(Assigned task): Word for word, output the data, with none of its pictures.

Segment Start: Supplied data

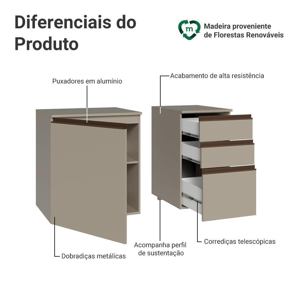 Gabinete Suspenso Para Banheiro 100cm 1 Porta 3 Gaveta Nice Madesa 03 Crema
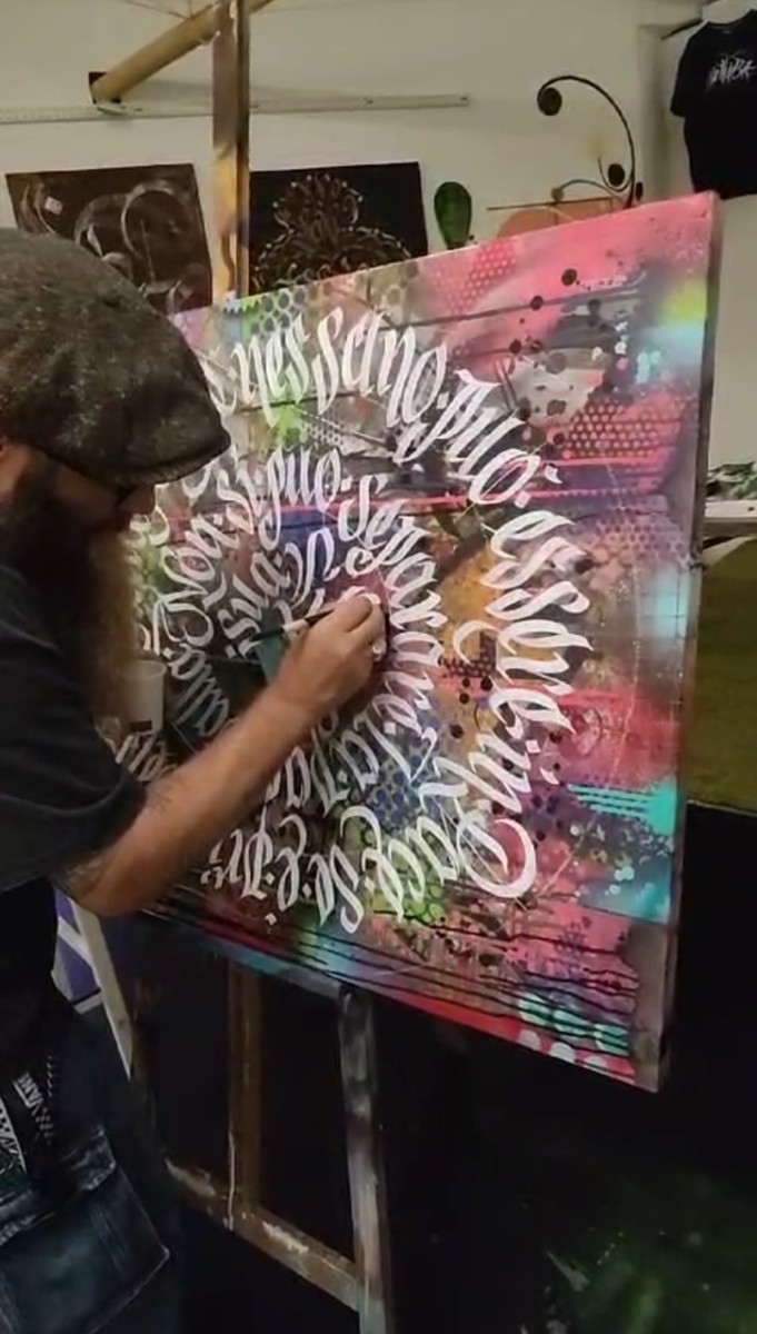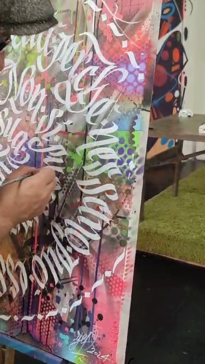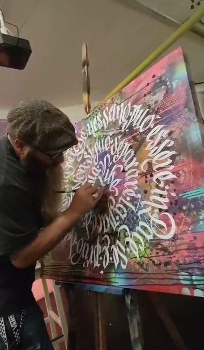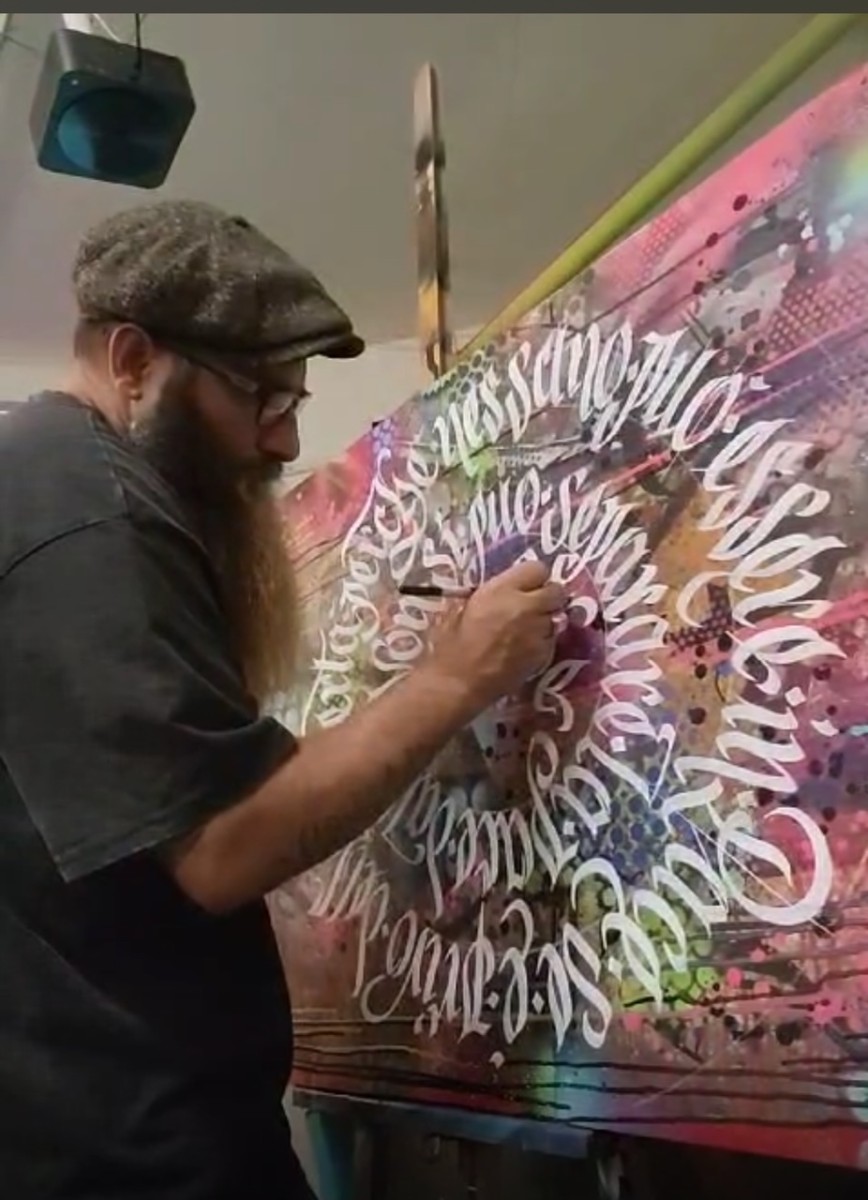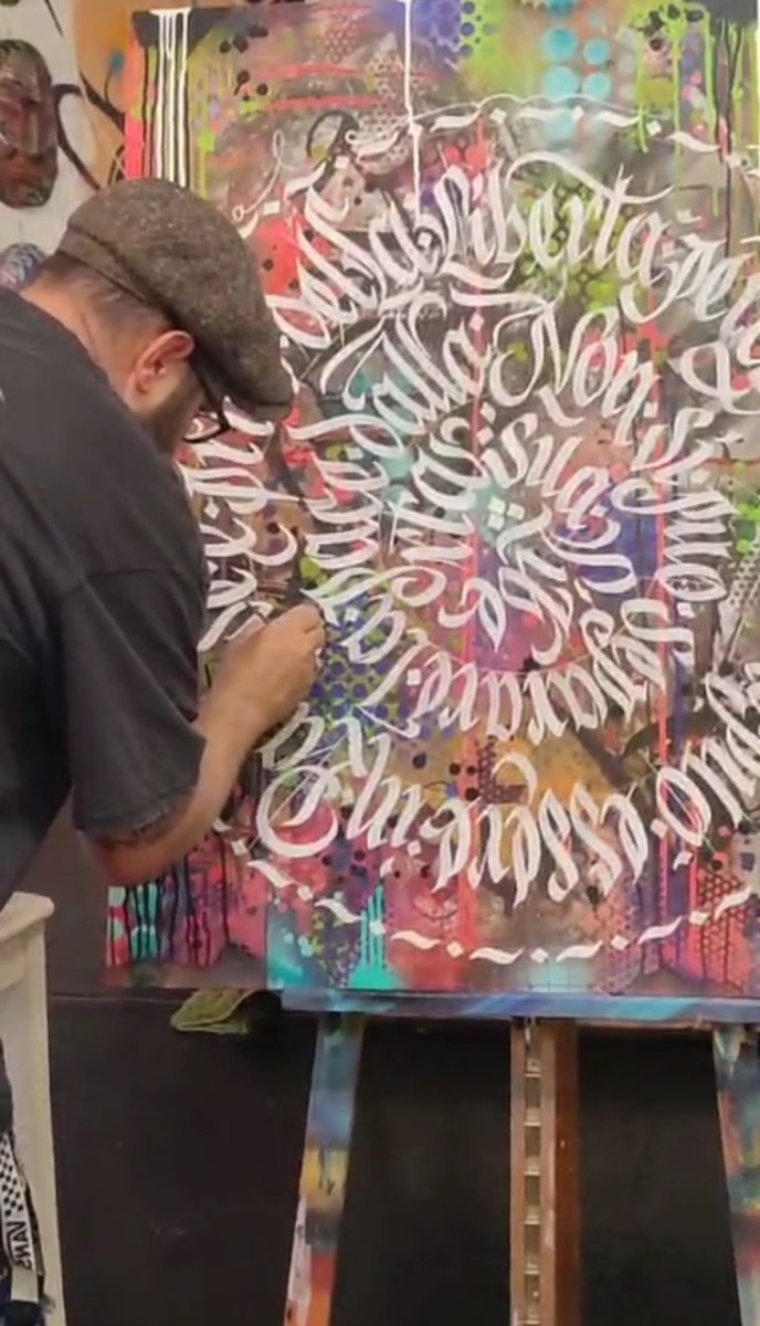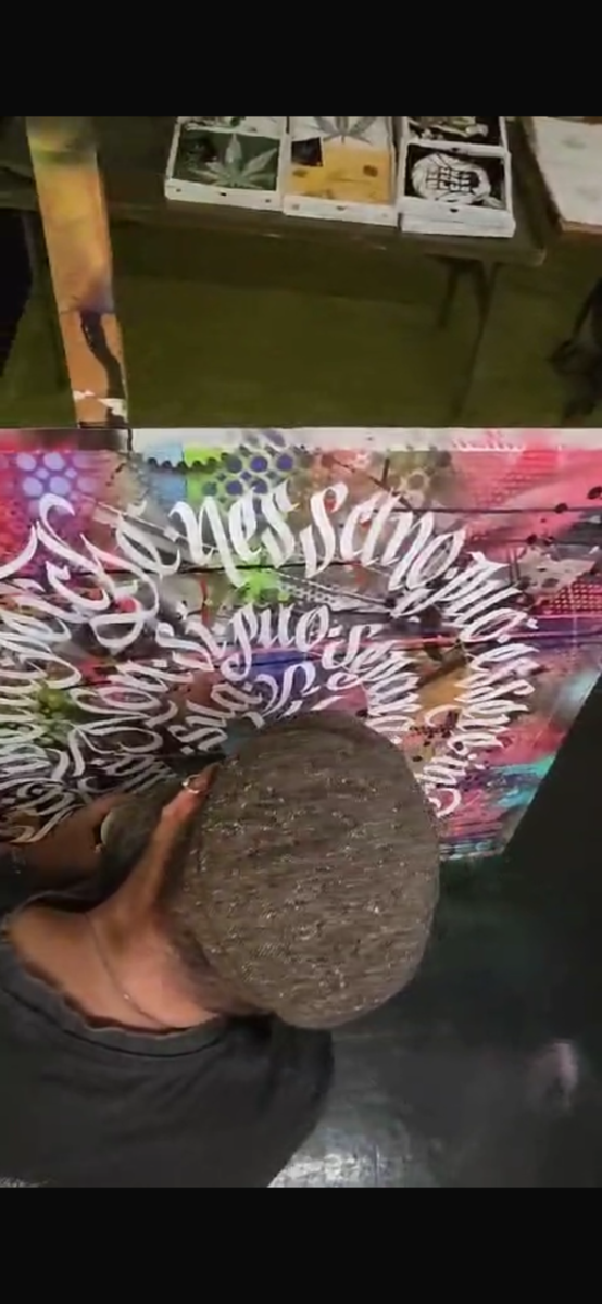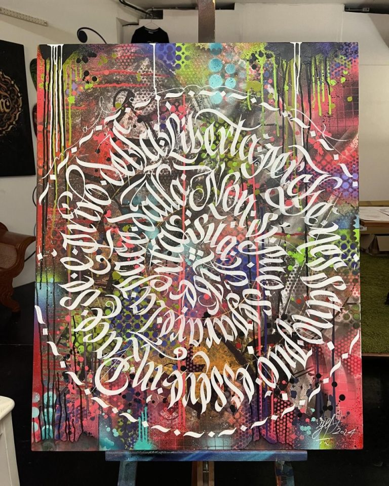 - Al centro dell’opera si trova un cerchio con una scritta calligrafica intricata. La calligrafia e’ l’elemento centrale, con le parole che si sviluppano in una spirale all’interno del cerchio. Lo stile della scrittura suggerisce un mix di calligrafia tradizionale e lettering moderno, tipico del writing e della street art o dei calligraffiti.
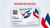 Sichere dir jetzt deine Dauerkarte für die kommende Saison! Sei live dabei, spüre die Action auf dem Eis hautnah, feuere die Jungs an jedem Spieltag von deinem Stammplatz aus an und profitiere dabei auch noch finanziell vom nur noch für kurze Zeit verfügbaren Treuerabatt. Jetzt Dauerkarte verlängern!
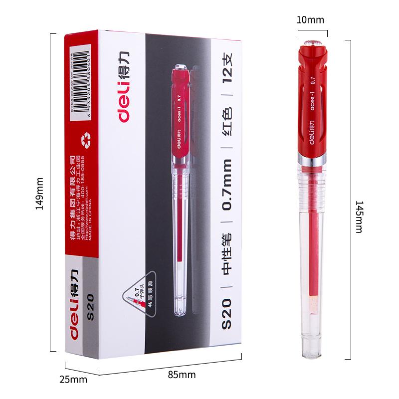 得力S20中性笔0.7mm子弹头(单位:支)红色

Segment End: Supplied data

(Answer space):
 Gabinete Suspenso Para Banheiro 100cm 1 Porta 3 Gaveta Nice Madesa 03 Crema
 - Al centro dell’opera si trova un cerchio con una scritta calligrafica intricata. La calligrafia e’ l’elemento centrale, con le parole che si sviluppano in una spirale all’interno del cerchio. Lo stile della scrittura suggerisce un mix di calligrafia tradizionale e lettering moderno, tipico del writing e della street art o dei calligraffiti.
 Sichere dir jetzt deine Dauerkarte für die kommende Saison! Sei live dabei, spüre die Action auf dem Eis hautnah, feuere die Jungs an jedem Spieltag von deinem Stammplatz aus an und profitiere dabei auch noch finanziell vom nur noch für kurze Zeit verfügbaren Treuerabatt. Jetzt Dauerkarte verlängern!
 得力S20中性笔0.7mm子弹头(单位:支)红色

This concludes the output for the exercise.